There is no denying Saltaire created by Victorian textile magnate, Sir Titus Salt, is special. Don’t take just our word for it. In 2001 UNESCO declared Salt’s creation a World Heritage Site, putting it on a par with the Taj Mahal and the Great Wall of China. However, unlike many of the other sites on the UN list, Saltaire is no dusty ruin, monument or museum. It is a living village where you can still buy a house or send your children to school. The vast mill – Salt’s ‘Palace of Industry’ – is still at the heart of everything though these days it is filled not with clattering looms but the click of computer keyboards in high tech offices as well as art galleries shops and cafés with plenty to keep visitors occupied.

Titus Salt was a philanthropist with a paternalistic interest in the welfare of his workers but he was also a hard-headed Victorian businessman. His choice of a greenfield site on the Aire was not entirely based on fresh air for the mill hands. There were sound business reasons too. Land in the then-rural Aire Valley was much cheaper than in booming Bradford but he knew he needed good communications too so the mill is planted firmly between the railway and the Leeds-Liverpool canal, ensuring ease of access to raw materials and to the market for his finished cloth.

Today the canal is a leisure waterway for boat enthusiasts and pleasure trips and provides a traffic-free access for walkers and cyclists along its tow path. There is a pleasant circular walk of a little over five miles up the canal to Bingley, returning via the Aire while in the other direction the Aire has a sculpture trail along its banks. Find out more from the visitor information centre

Earlier this year the movies returned to Saltaire with a new film season, including classics such as An American Werewolf in London, Pan’s Labyrinth and Withnail & I being shown at Victoria Hall.

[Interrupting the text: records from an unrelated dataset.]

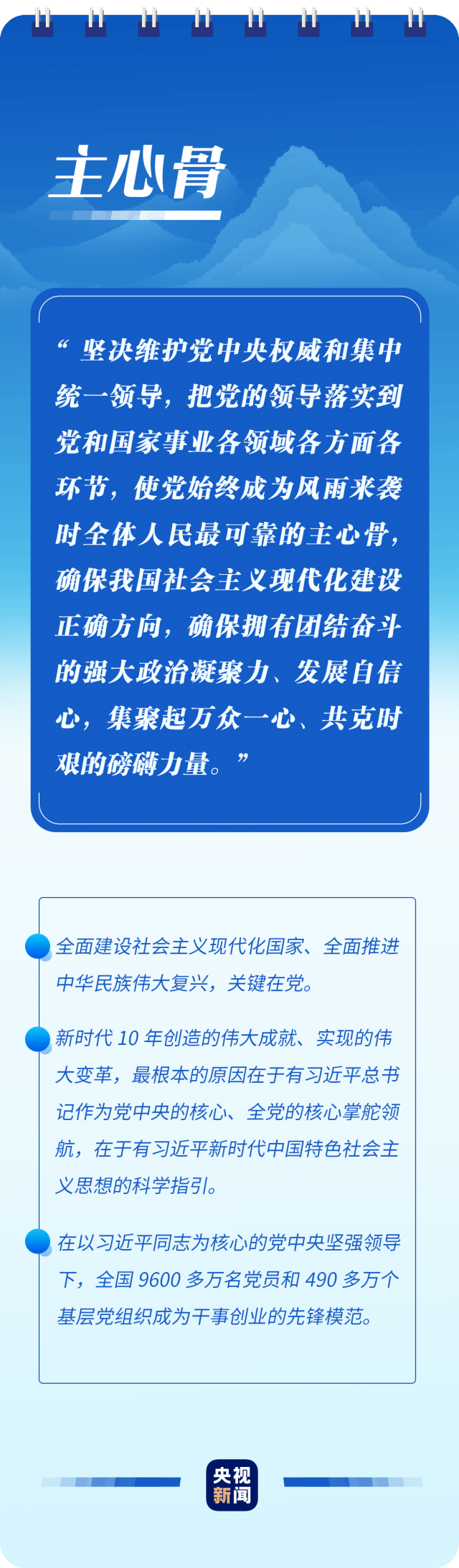 “只有植根本國(guó)、本民族歷史文化沃土,馬克思主義真理之樹(shù)才能根深葉茂”“使黨始終成為風(fēng)雨來(lái)襲時(shí)全體人民最可靠的主心骨”“只要存在腐敗問(wèn)題產(chǎn)生的土壤和條件,反腐敗斗爭(zhēng)就一刻不能停,必須永遠(yuǎn)吹沖鋒號(hào)”……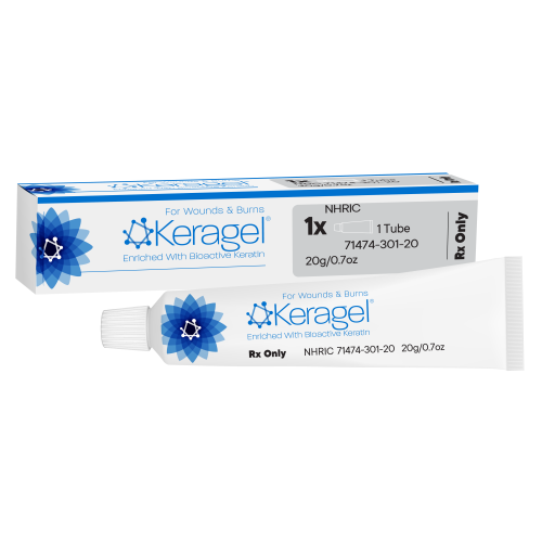 keragel® is a thick hydrogel rich in keratin protein that delivers Replicine™ Functional Keratin® to the wound while maintaining a moisture rich environment.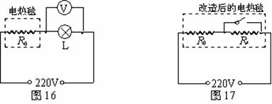 (2) 为了使改造后的电热毯 (如图 17 所示)在低温挡位时的总发热功率为原电热毯额定功率的五分之三,小明需要一个阻值多大的电阻丝?(保留一位小数)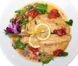 Veal pan seared with capers, artichoke hearts, sun-dried tomatoes and spinach. In a white wine lemon butter sauce over capellini.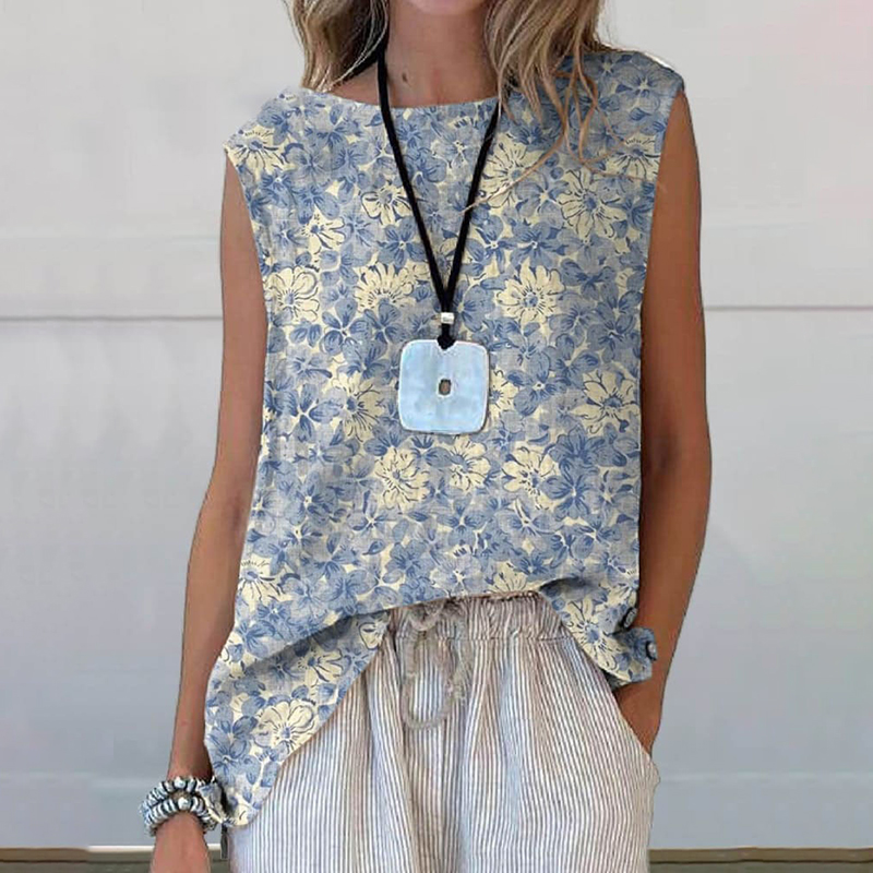 Women's Retro Elegant Floral Art Print Casual Cotton And Linen Tank Top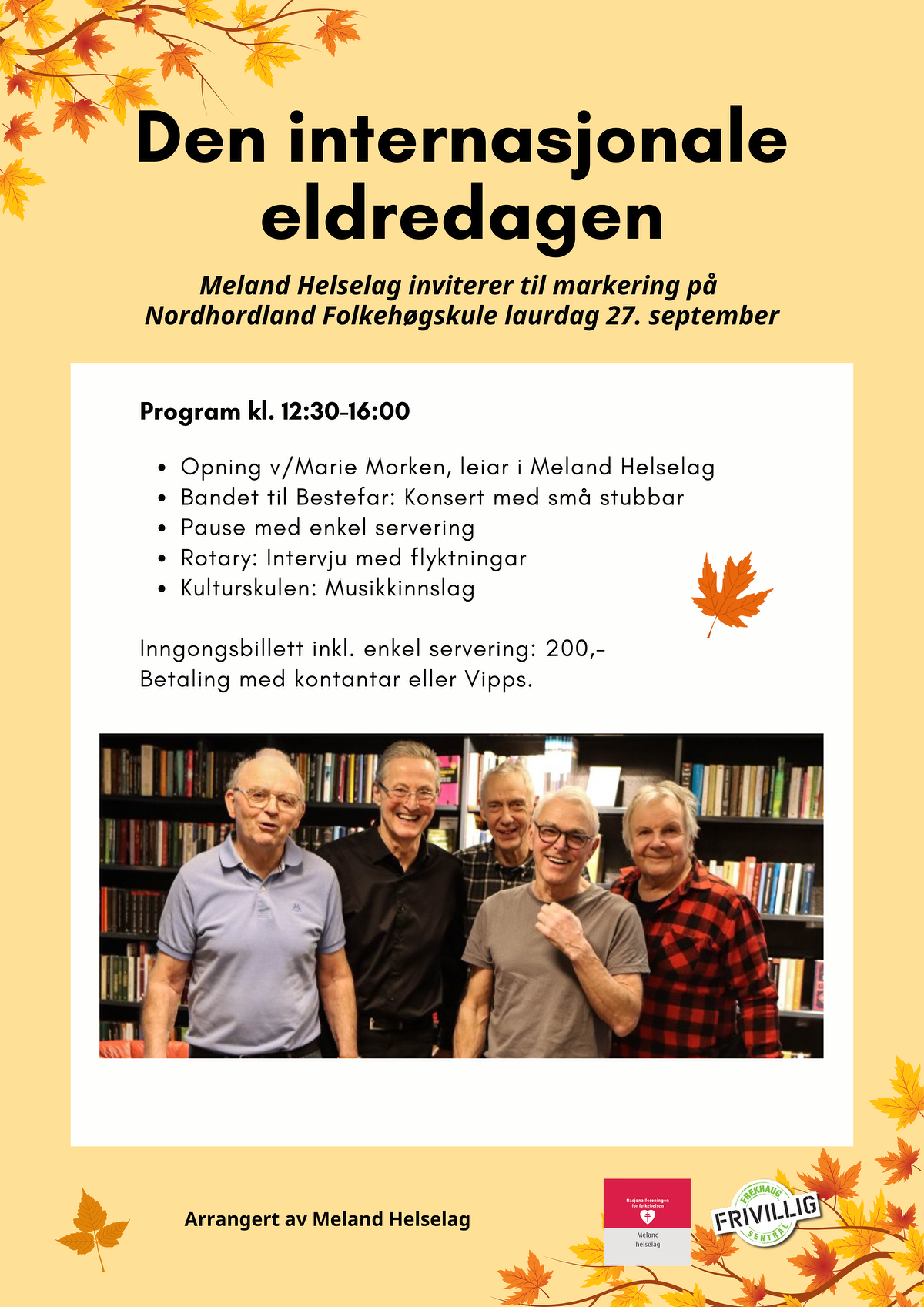 Inspirasjonsdag - ope kommunehus på Frekhaug.Den internasjonale eldredagen vert markert 27. september 2025 på Frekhaug . I år vert arrangementet på Nordhordland Folkehøgskule, og det er Meland Helselag som arrangerar. Velkomen til ei kjekk markering!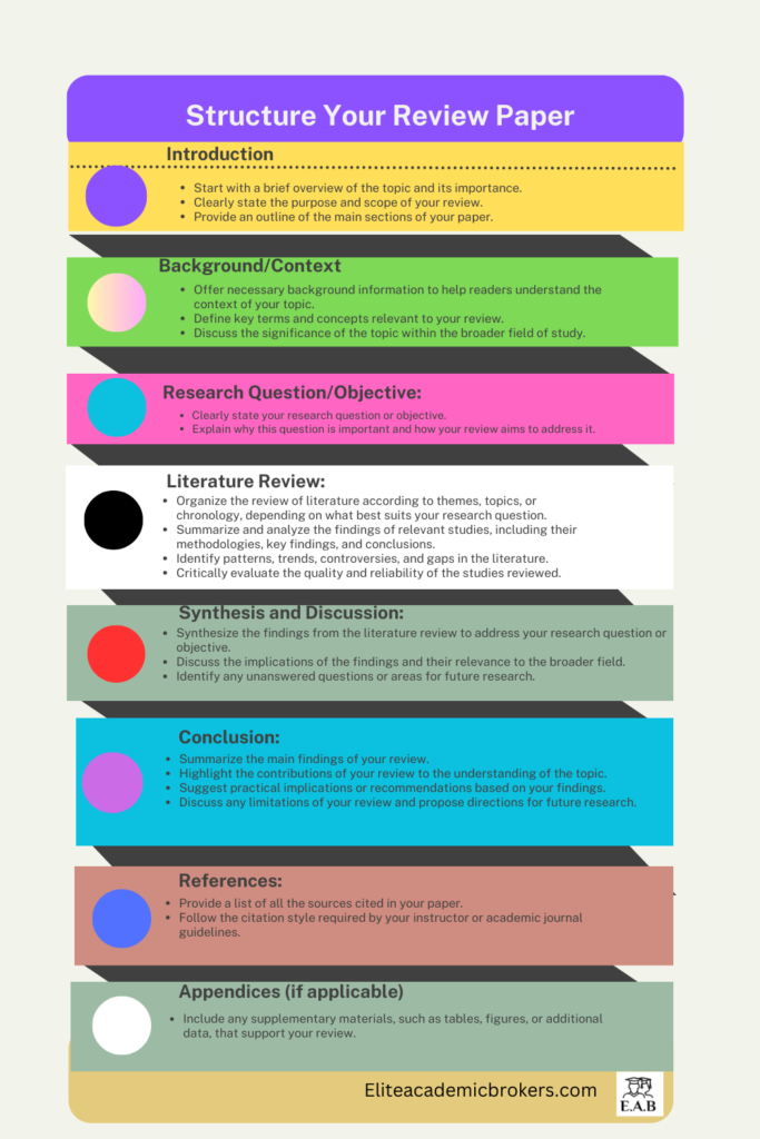 - Poor Organization and Structure: A well-organized review paper follows a clear structure that guides readers through the review process. Avoid a disjointed presentation of information by structuring your review logically, with clearly defined sections and subheadings.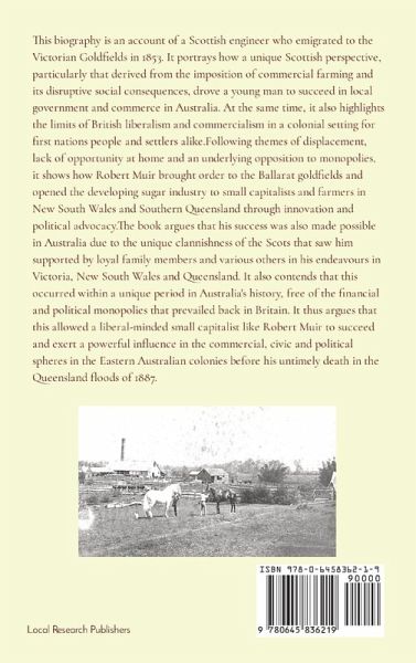 This biography is an account of a Scottish engineer who emigrated to the Victorian Goldfields in 1853. It portrays how a unique Scottish perspective, particularly that derived from the imposition of commercial farming and its disruptive social consequences, drove a young man to succeed in local government and commerce in Australia. At the same time, it also highlights the limits of British liberalism and commercialism in a colonial setting for first nations people and settlers alike. Following themes of displacement, lack of opportunity at home and an underlying opposition to monopolies, it shows how Robert Muir brought order to the Ballarat goldfields and opened the developing sugar industry to small capitalists and farmers in New South Wales and Southern Queensland through innovation and political advocacy. The book argues that his success was also made possible in Australia due to the unique clannishness of the Scots that saw him supported by loyal family members and various others in his endeavours in Victoria, New South Wales and Queensland. It also contends that this occurred within a unique period in Australia's history, free of the financial and political monopolies that prevailed back in Britain. It thus argues that this allowed a liberal-minded small capitalist like Robert Muir to succeed and exert a powerful influence in the commercial, civic and political spheres in the Eastern Australian colonies before his untimely death in the Queensland floods of 1887.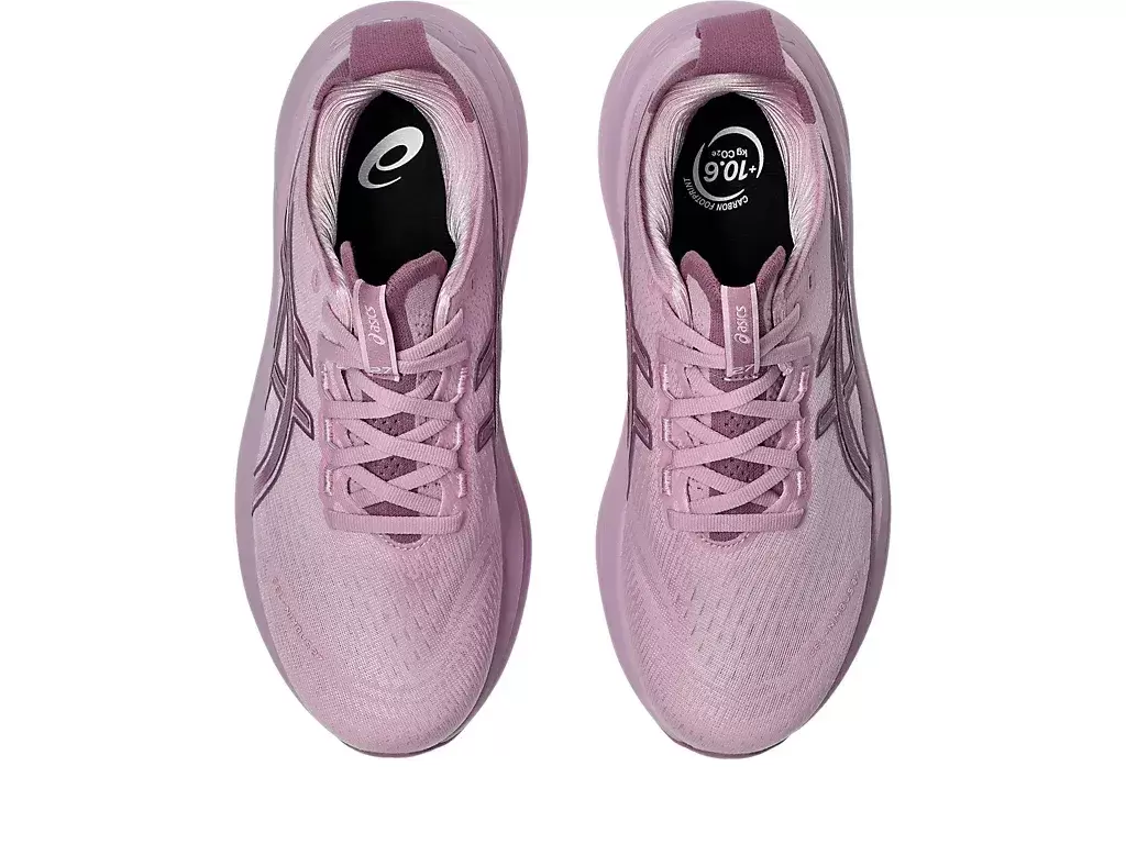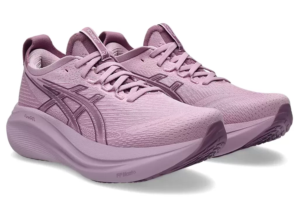 O amortecimento macio do tênis GEL-NIMBUS® 27 proporciona a sensação de estar pisando em nuvens. Este design foi reformulado para criar uma experiência de corrida mais suave e confortável.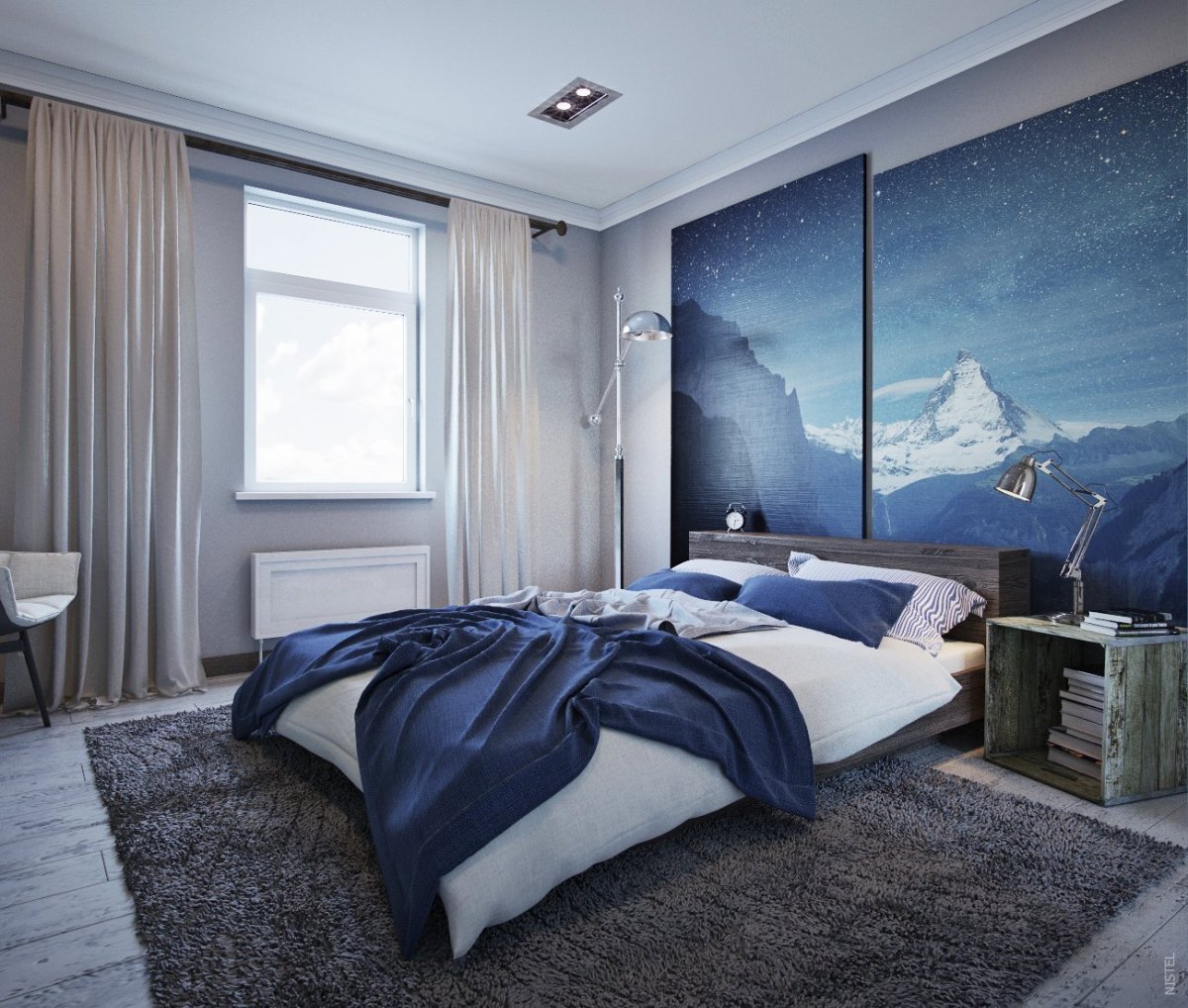 47. Спальня в сине серых тонах

Saltaire was built as a ‘dry village’ with no alcohol sold or served but that changed many moons ago and is now the site of multi-award winning Saltaire Brewery which has received international recognition for two of its bottled beers. Both Saltaire Pride and Saltaire Celebration Ale were awarded silver in the European category at the 2014 World Beer Awards. Saltaire’s Celebration Ale was launched only in January this year and was specially brewed to celebrate the Princess Royal’s visit to the brewery to officially open the new fermentation area.